January 25 at 3:12am · Edited ·

Update on myself:
Cancer is a surreal experience. You see someone close to you fight the battle, so you think you understand it. In truth, that is not at all true. You wont ever comprehend it unless it is your personal cross to bear. That is not to say that every day is terrible, because in my case that is far from the truth. It is, however, all a blur or a haze where all the days run into each other like an oversaturated, watercolored depiction of what life used to be. I’m optimistic most of the time. Years of meditation has enabled me to compartmentalize and segregate my true feelings about it. I locked them away so securely that it would probably require Pandora to unlock them. So I simply continue in my hazey life from day to day, often, simply, from hour to hour.
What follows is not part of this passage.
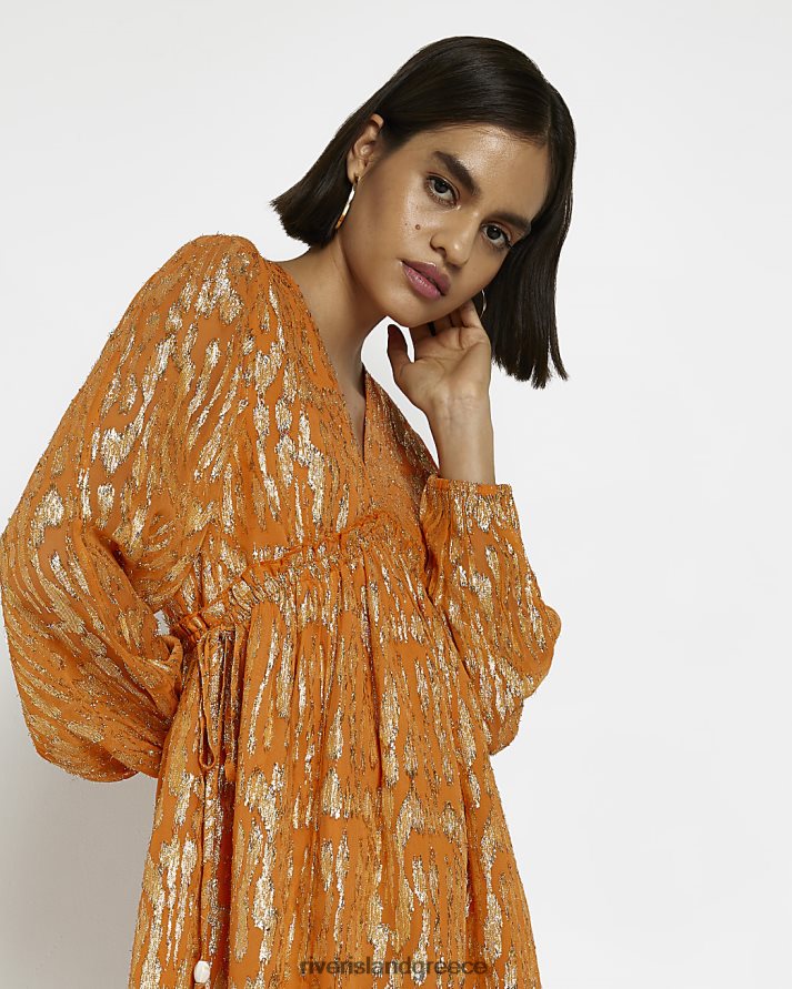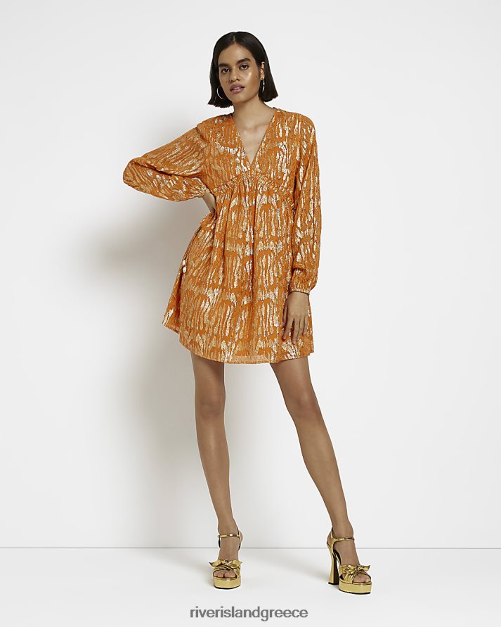River Island ενδύματα πορτοκάλι γυναίκες shimmer smock μίνι φόρεμα B6N8X1681

I think I’m okay. I think I am well. I am healing excellently from surgery. My main battle is finding, utilizing, and not exhausting my energy. I miss exercise soo much. Many days this week it has been a struggle to even shower or brush my hair. Other days I feel perfectly normal and human again. Balance and consistency are great personal goals for now. The biggest trial has been my mentality. I have lost my keen mental edge I used to love about myself. Fatigue causes me to retreat inside myself rather than hold any substantial conversations. But I think that I will rise above these things eventually. I am a fighter and still possess enough tenacity to not let this chapter of my life define me.

The responses I received from this made me cry. I received so much wisdom and the encouragement which was so freely imparted gave me even more motivation to push hard and fight strong. I hope you all know how much you mean to me.